CHAPITRE 1 - INTERACTIONS ENTRE ECOSYSTEMES ET ORGANISATIONS, ET VIABILITE DES

1.4 Dimensions sociales, économiques, et politiques de la biodiversité

1.4.1 Conséquences de la dégradation de la biodiversité pour l’espèce humaine

La plupart des changements que l’espèce humaine opère au niveau des écosystèmes sont conduits en vue de répondre à une croissance considérable de la demande en nourriture, eau, bois et autres matériaux de construction, fibres, et énergie. Ainsi, les changements enregistrés au niveau des écosystèmes ont contribué à des gains nets substantiels sur le niveau du bien-être et le développement économique de certaines populations. Le MEA met en évidence que ces gains ont été acquis de manière croissante au prix d’une dégradation de nombreux SE, de risques accrus de manifestations de changements non linéaires, et de l'accentuation de la pauvreté pour d’autres catégories d’individus (MEA, 2005b).
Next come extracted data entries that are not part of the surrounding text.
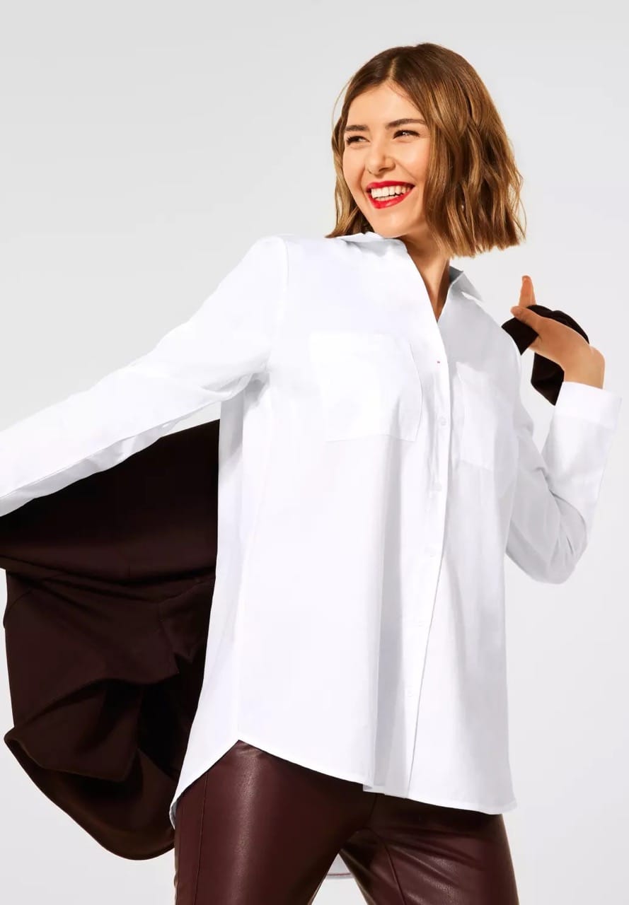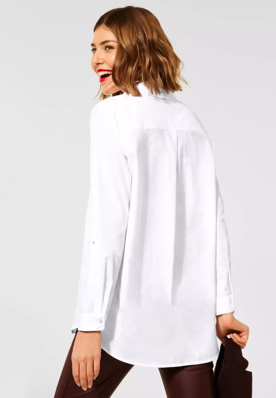 Street One Blouses A342976 4063052672997 Blouse van Street One met een overhemdkraag, lange mouwen, knoopsluiting, twee borstzakken en een iets langere achterzijde. Materiaal: Katoen 100% |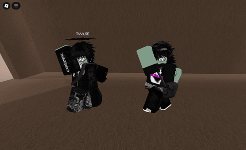Content Description: two roblox characters are standing next to each other and one of them has twwise written on his head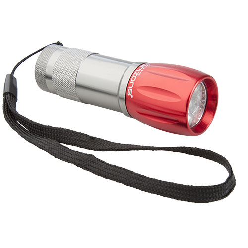 Aluminium, 9 LED lommelygte med håndledsrem. Fungerer med 3 af AAA batterier, uden batteri.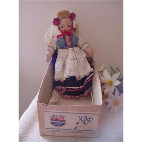 11" International MOLLYE doll. Satin face with painted features. Played with and has some marks on her face. Has the bottom of the box. <P><P>Got questions, email before you bid.

1.4.1.1 Conséquences sociales de la dégradation de la biodiversité

Sur les 24 services retirés des écosystèmes étudiés par le MEA (2005b), 15 sont en cours de dégradation ou d’exploitation de manière non rationnelle. Au cours des 50 dernières années, les SE suivants ont connu une diminution particulièrement importante : pêche, approvisionnement en eau, traitement des ordures et désintoxication, purification de l'eau, protection contre les risques de catastrophe naturelle, régulation de la qualité de l'air, du climat régional et local, protection contre l'érosion, plénitude spirituelle, et plaisir de l’esthétique (MEA, 2005b). La pêche et l’approvisionnement en eau douce, notamment, sont exploités bien au-delà des niveaux qui peuvent leur assurer une certaine durabilité : un quart des importants stocks commerciaux de poissons sont surexploités et près de 25 % de l’utilisation d'eau douce au niveau mondial excède les capacités d’approvisionnement accessibles à long terme. Tandis que ces 15 SE ont subi des dégradations, le MEA (2005b) considère que seuls quatre autres SE ont connu un renforcement au cours des 50 dernières années, dont trois sont liés la production de nourriture (culture, élevage, aquaculture), le quatrième étant la séquestration de carbone.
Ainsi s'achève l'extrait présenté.